I understand that the definition of a Laplace transform of a function $f(t)$ is $$F(s)= \int_0^{+\infty} e^{-st}f(t) \,dt$$
Is there an easy way to find the Laplace transform of $$f(t)=7t \cdot \mathrm{e}^{-3t}\cdot\sin(3t)$$
I saw some Laplace transform tables online but this does not fall into one of the scenarios.

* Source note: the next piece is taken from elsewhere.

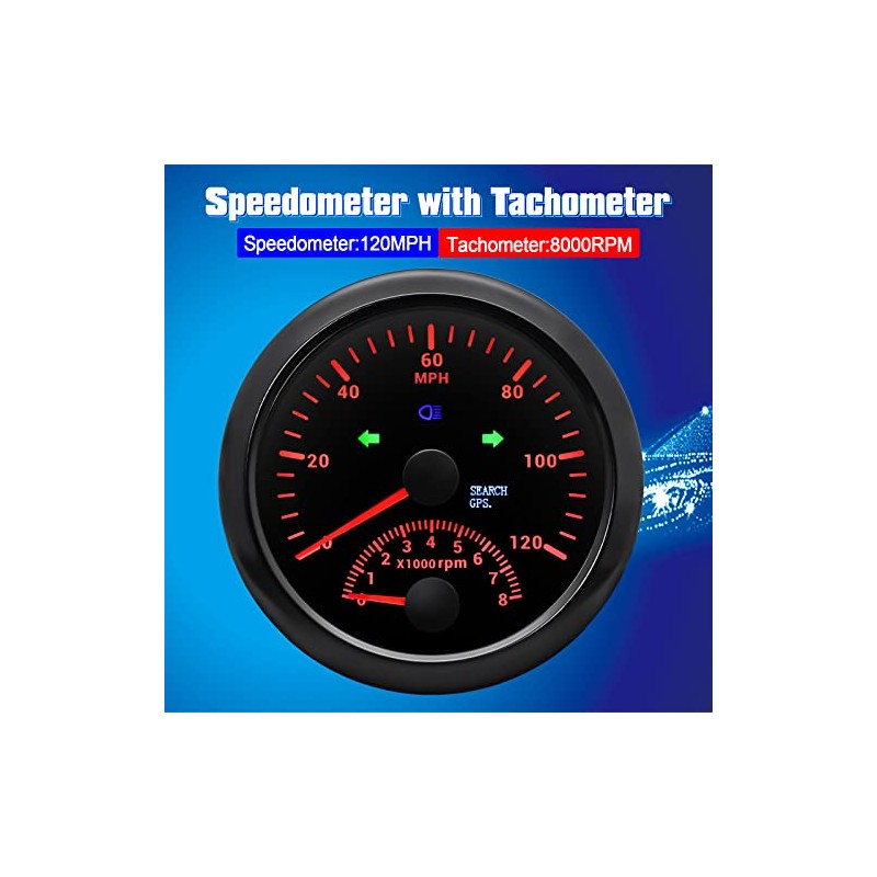 ARTILAURA Velocímetro GPS 0-120MPH con tacómetro 8000 RPM calibre 3.346 in 3-3/8 pulgadas, medidor de velocímetro GPS para barco con antena para coche marino (negro)

Would I have to do the entire integration?
On
Hints: Use formal rules $\mathcal{L}(t f(t)) = -F^{\prime}(s)$, and combine it with the following table result: $$ \mathcal{L}\left(\mathrm{e}^{-\lambda t} \sin(\mu t) \right) = \Im \int_0^\infty \mathrm{e}^{-(s + \lambda)t} \cdot \mathrm{e}^{i \mu t} \mathrm{d} t = \Im\left( \frac{1}{s+\lambda - i \mu}\right) = \frac{\mu}{(s+\lambda)^2+\mu^2} $$
Here is one approach (there are others)
$\displaystyle \mathcal{L}~~ (\sin 3t) = \frac{3}{s^2 + 3^2} = \frac{3}{s^2 + 9}$,
$\displaystyle \mathcal{L} ~~(e^{-3t} \sin 3t) = \frac{3}{((s + 3)^2 + 9)}$, via frequency shifting.

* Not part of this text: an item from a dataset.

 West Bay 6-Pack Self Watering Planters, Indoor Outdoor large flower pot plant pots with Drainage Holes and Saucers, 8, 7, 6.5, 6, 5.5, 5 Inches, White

So, $\displaystyle \mathcal{L} ~~(7 e^{-3t} \sin 3t) = \frac{21}{(s + 3)^2 + 9}$.
Finally, we use frequency differentiation.
$\displaystyle \mathcal{L}~~( t~ 7 e^{-3t} \sin 3t) = -\frac{d}{ds}\left[\frac{21}{(s + 3)^2 + 9}\right] = \frac{42 (s+3)}{((s+3)^2+9)^2}$